Подмога придет! (Таругин) - страница 105

Подняв трубку внутреннего телефона, вызвал секретаря:

– Александр Николаевич, вызовите ко мне товарища Шапошникова, немедленно. Что, Берия звонил? Хорошо, пусть тоже приезжает…

Положив трубку и откинувшись на спинку кресла, Иосиф Виссарионович усмехнулся. Лаврентия понять можно, в конце концов, это его человек обнаружил «гостя из будущего» и вошел с ним в контакт. Вот только первым поговорить с Шохиным он должен был сам, без свидетелей, и наркомвнуделу придется с этим смириться. Во всех смыслах.
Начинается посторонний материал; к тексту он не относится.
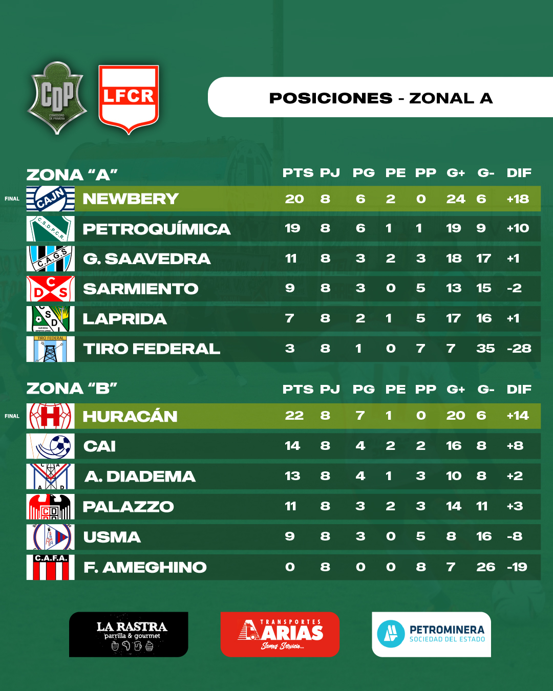 Desde las 16 hs habrá tres cotejos más. En el Far West, Laprida y Jorge Newbery se miden bajo el arbitraje de Diego Bayón. El Verde suma solo dos triunfos en el certamen y está anteúltimo en su zona. Por su parte, el Lobo corre riesgo de perder los puntos de su triunfo ante Petroquímica y volver a caer al segundo lugar.

Едва ли не против воли Сталин снова вспомнил про ту самую папку. Неужели и Лаврентий ТАМ есть? Собственно, что значит «неужели»? Какой глупый вопрос! Разумеется, есть, поскольку однозначно входит в самое ближнее окружение. И ему очень не хочется узнать про товарища что-то нехорошее; что-то, о чем он даже не подозревает, несмотря на все старания Власика… и не только его. Немного успокаивает одно – Алексеев в своих «воспоминаниях о будущем» Берию очень хвалил, называя не слишком понятным словосочетанием «лучший кризис-менеджер двадцатого века» и утверждая, что тот оказал огромное, едва ли не решающее влияние на реализацию советского ядерного и ракетного проектов. Так что поглядим и, что бы ни оказалось в тех документах, подумаем, прежде чем принимать окончательные решения. Пока без Лаврентия никак нельзя, слишком многое он на себе тянет, причем кое-что практически единолично. Но и Шохина он ему уже не отдаст, поскольку тот тоже слишком уж многое знает…
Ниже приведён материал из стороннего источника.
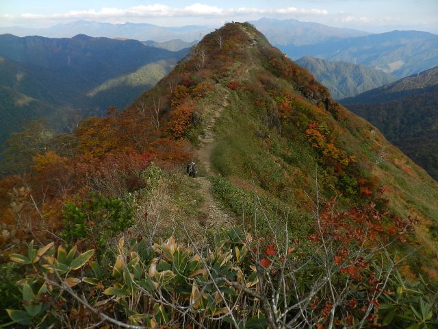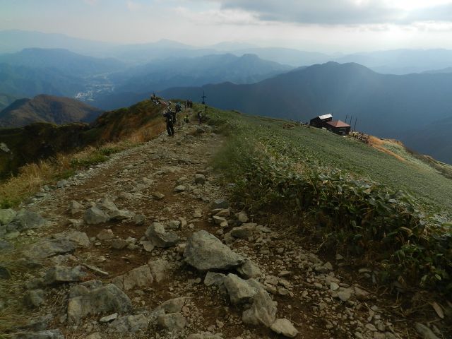 肩の小屋から伸びている尾根 |

Хозяин кабинета хмыкнул: вот, к слову, насчет этого самого «менеджера», как назвал старлей народного комиссара. В языке потомков появилось огромное количество англицизмов, интересно почему? Могущество и давление англосаксонского мира в будущем настолько велико, что оказывает влияние даже на современный – для старшего лейтенанта, в смысле, современный – русский язык? Собственно, об этом Алексеев тоже писал. Плохо. Очень и очень плохо. И с этим тоже нужно будет что-то делать. Не с англицизмами, понятно, а с их источником. Но не сейчас, когда мы с островитянами и американцами, – Сталин досадливо поморщился, – союзники, а после войны.

Зазвонивший телефон внутренней связи оторвал Иосифа Виссарионовича от размышлений. Выслушав доклад секретаря, Вождь распорядился:

– Пусть Лаврентий зайдет. Когда прибудет Борис Михайлович[18], пропустите без доклада, я его жду…

Глава 13. Прорыв

Геленджик – Новороссийск, 22 февраля 1943 года

«Новочеркасск» догнали меньше чем за час – сказалась разница в скорости. И, завидев в паре кабельтовых знакомые обводы корпуса с плавно задранным носом и белыми цифрами «142» на борту, Степан расслабленно выдохнул. Хотя переживал он по большому счету зря: ни летающие, ни плавающие фрицы во время перехода не беспокоили. Первые, видимо, неслабо получили по зубам над плацдармом и сейчас либо вернулись на аэродром зализывать раны и пополнять боекомплект, либо упокоились в каменистой новороссийской землице или на морском дне. Вторые же тихо-мирно сидели в своих крымских базах, дожидаясь ночи, когда можно будет выйти на относительно безопасную охоту. Так ли все обстояло в реале, Алексеев понятия не имел, но и текущее положение дел его более чем устраивало. Дошли – и ладно. Особенно с учетом того, что раненые чувствовали себя неплохо. Даже Вешняков, получивший в спину осколок, после введения противошокового и перевязки пришел в себя. За контуженных же близким взрывом Руднева со Степановым старлей и вовсе не переживал: через несколько часиков оклемаются, по себе знает… ну, в смысле, помнит. А вот Серега уже в любом случае отвоевался, с перебитыми ребрами и застрявшим пониже правой лопатки осколком в бой не пойдешь. Ничего, медслужба на БДК работает штатно – и не предусмотренную морпеховской анатомией железяку извлекут, и рану заштопают, и антибиотики с прочей необходимой фармакологией образца двадцать первого века вколют…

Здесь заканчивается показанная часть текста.